Вот и все. Вроде как объяснился. Ольга вздохнула:

— Тихон…

— И ничего не говори! Я все равно никуда не уйду! Выгонять будешь, а я останусь… И буду на пороге сидеть.

— Тиша…

Он замотал головой. Выставил вперед руку. Не глядя, преодолел разделяющее их пространство. Обнял ее осторожно, но крепко. Коснулся губами виска и зашептал рвано, то и дело сбиваясь:

— Ты только не выгоняй меня. Я… знаю, что дурак дураком. Но я люблю тебя, Оль… Честно. И, знаешь, это страшно… Очень страшно любить. Когда тебя однажды… А! — Тихон не договорил и сокрушенно взмахнул рукой, другой — еще сильнее вжав в себя Ольгу. — Но я тоже хочу. Как ты сказала… Чтобы с головой и вообще…

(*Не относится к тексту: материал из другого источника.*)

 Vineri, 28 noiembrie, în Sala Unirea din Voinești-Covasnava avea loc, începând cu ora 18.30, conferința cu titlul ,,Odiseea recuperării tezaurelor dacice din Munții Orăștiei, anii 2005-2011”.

Ольга скользнула ладонями вверх по спине мужчины. Зарылась пальцами в отросшие пряди.

— Тиша…

— И я не против, чтобы Ник с Катей жили в моей студии. Ты была права. Я вел себя, как дурак, но… Оль, это было так больно…

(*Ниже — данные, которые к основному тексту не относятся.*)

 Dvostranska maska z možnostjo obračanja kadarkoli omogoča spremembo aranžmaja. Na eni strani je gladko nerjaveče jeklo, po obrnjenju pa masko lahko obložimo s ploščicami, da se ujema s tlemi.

— Что больно? Дочь отпускать?

— Нет… Отца…

— О, Тиша…

— Не могу смириться, когда представляю, что в той квартире будет кто-то жить… Это мамы и папы, понимаешь? Я… к этому пока не готов. Может быть, потом… Пока — нет.

— Конечно… Конечно, хороший мой.

— Папа — однолюб был. Я в него… — Тихон опустил голову и говорил ей куда-то в щеку, а его сильные плечи дрожали. — Он перед смертью знаешь мне что сказал? Что теперь за меня спокоен… — Тихон всхлипнул, — потому… что… ты… у меня и…

Замолчал. Сделал несколько жадных вдохов. Вытер ладонью нос, так и не глядя на Ольгу. Слабость давалась ему нелегко, но он справлялся…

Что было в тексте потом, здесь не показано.